____ EXTRACTED DATA
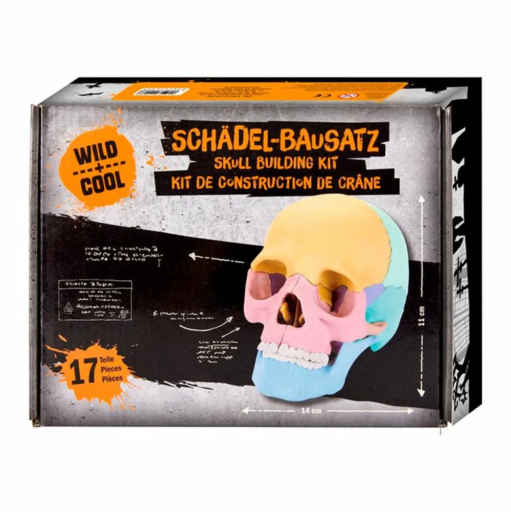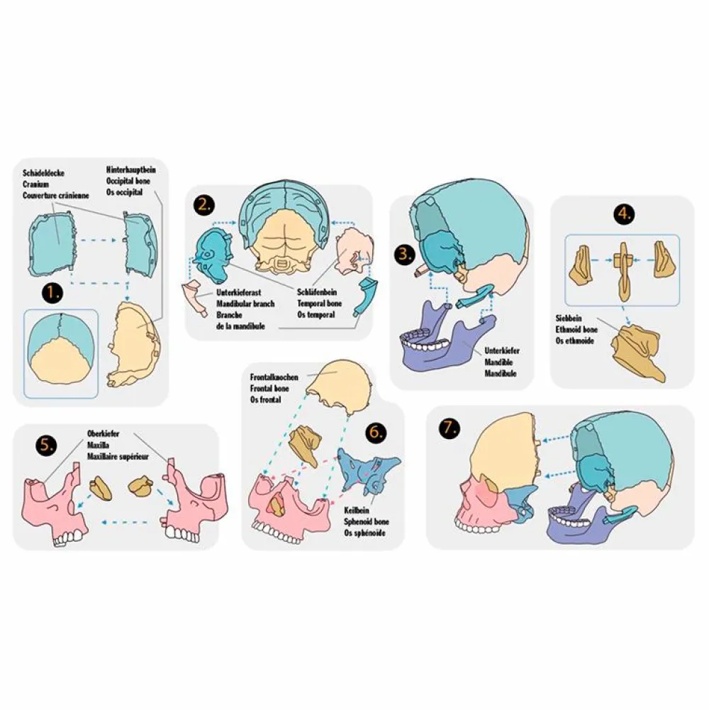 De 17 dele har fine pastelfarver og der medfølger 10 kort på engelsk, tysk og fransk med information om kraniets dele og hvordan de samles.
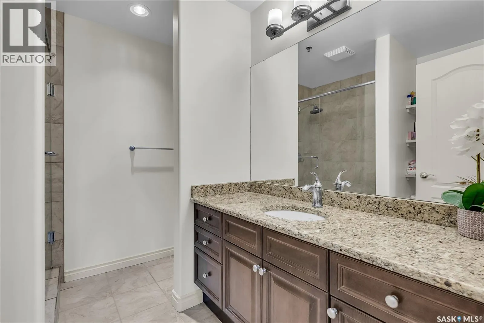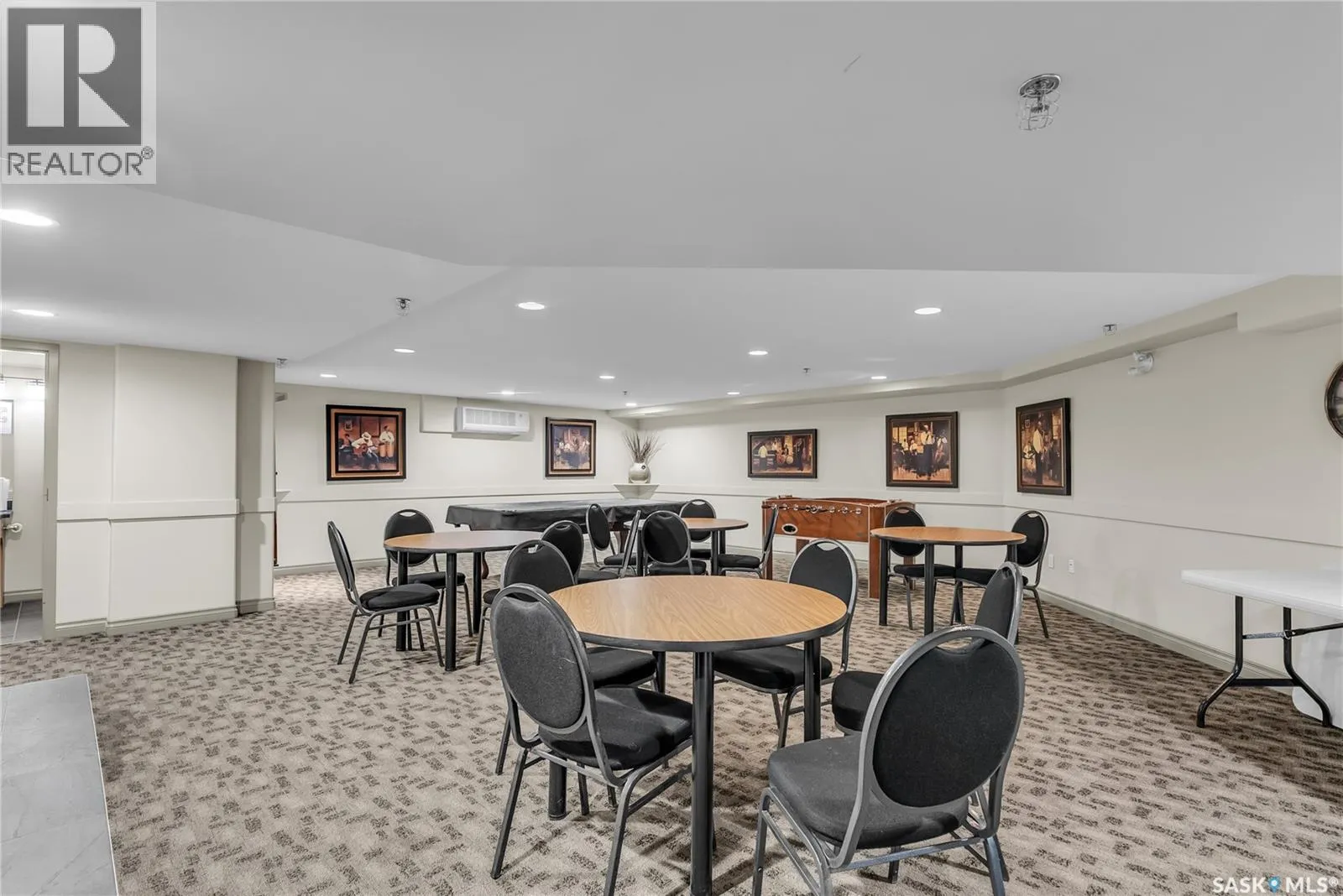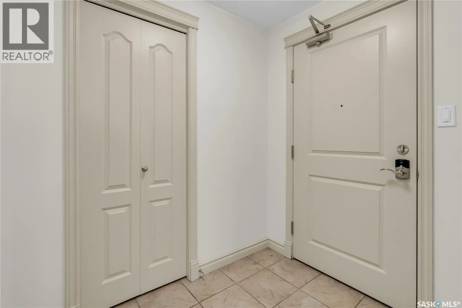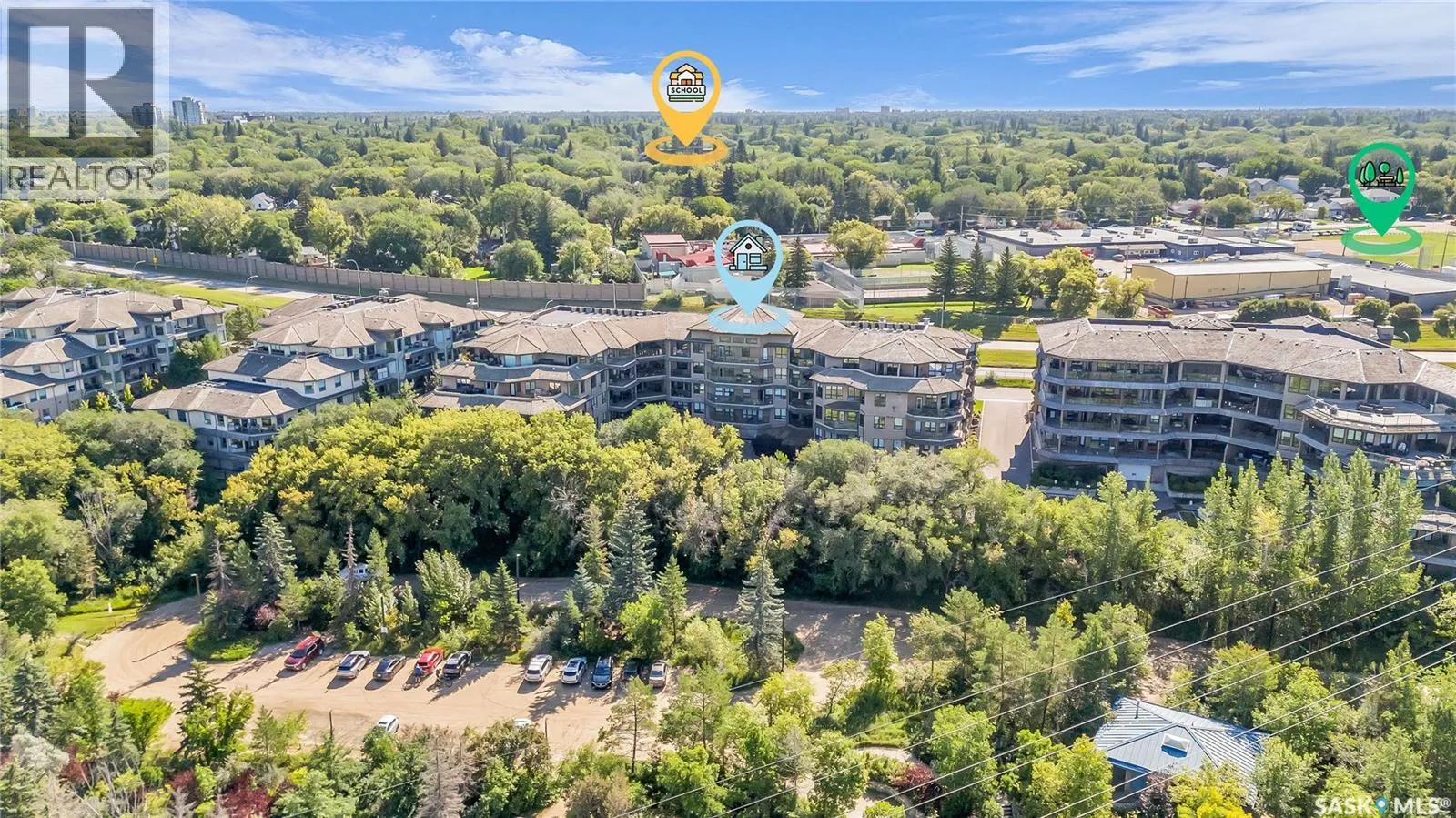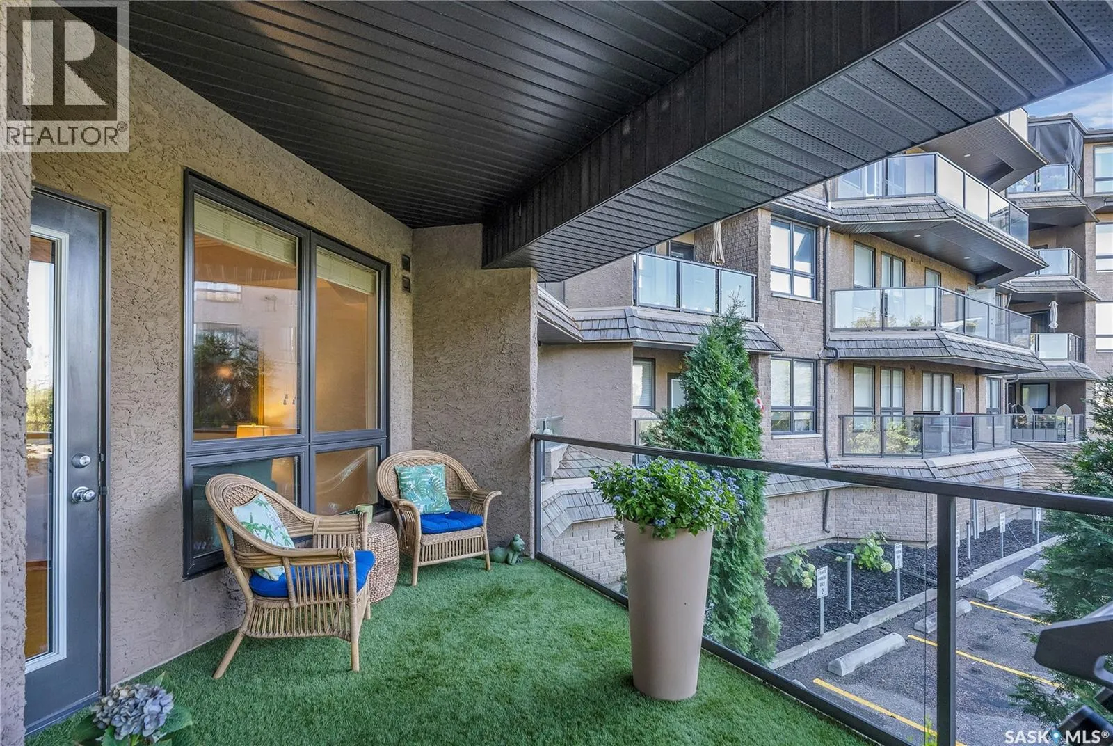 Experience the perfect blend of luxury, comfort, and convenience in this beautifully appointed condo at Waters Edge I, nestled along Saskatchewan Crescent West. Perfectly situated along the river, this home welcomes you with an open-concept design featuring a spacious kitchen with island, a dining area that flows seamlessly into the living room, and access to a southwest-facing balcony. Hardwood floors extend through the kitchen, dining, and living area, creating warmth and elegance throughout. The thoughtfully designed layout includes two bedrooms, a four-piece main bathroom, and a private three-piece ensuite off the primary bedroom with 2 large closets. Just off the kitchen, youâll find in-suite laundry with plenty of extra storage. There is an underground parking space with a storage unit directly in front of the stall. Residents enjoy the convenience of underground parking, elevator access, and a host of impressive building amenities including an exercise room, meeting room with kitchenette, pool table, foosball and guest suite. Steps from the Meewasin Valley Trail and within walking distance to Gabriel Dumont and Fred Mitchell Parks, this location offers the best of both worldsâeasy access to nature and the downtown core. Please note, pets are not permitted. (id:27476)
________
____ EXTRACTED DATA
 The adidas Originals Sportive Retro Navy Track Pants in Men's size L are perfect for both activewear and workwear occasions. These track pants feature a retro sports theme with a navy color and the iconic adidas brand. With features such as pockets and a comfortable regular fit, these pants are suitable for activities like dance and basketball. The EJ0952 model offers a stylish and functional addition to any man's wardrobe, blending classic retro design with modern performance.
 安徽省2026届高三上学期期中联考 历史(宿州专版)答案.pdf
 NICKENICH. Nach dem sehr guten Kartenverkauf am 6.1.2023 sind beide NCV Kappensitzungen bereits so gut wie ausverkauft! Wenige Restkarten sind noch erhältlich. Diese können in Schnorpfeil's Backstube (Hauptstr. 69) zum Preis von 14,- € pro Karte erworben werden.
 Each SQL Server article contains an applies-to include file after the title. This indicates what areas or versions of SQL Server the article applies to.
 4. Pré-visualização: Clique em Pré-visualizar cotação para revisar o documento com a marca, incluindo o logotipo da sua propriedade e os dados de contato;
________
» **TASK INSTRUCTIONS**
Using the entries above, give again exactly the lines from the line holding "NICKENICH. Nach dem" through the line holding "4. Pré-visualização: Clique". Include both end lines and nothing else.

» **ANSWER BOX**
 NICKENICH. Nach dem sehr guten Kartenverkauf am 6.1.2023 sind beide NCV Kappensitzungen bereits so gut wie ausverkauft! Wenige Restkarten sind noch erhältlich. Diese können in Schnorpfeil's Backstube (Hauptstr. 69) zum Preis von 14,- € pro Karte erworben werden.
 Each SQL Server article contains an applies-to include file after the title. This indicates what areas or versions of SQL Server the article applies to.
 4. Pré-visualização: Clique em Pré-visualizar cotação para revisar o documento com a marca, incluindo o logotipo da sua propriedade e os dados de contato;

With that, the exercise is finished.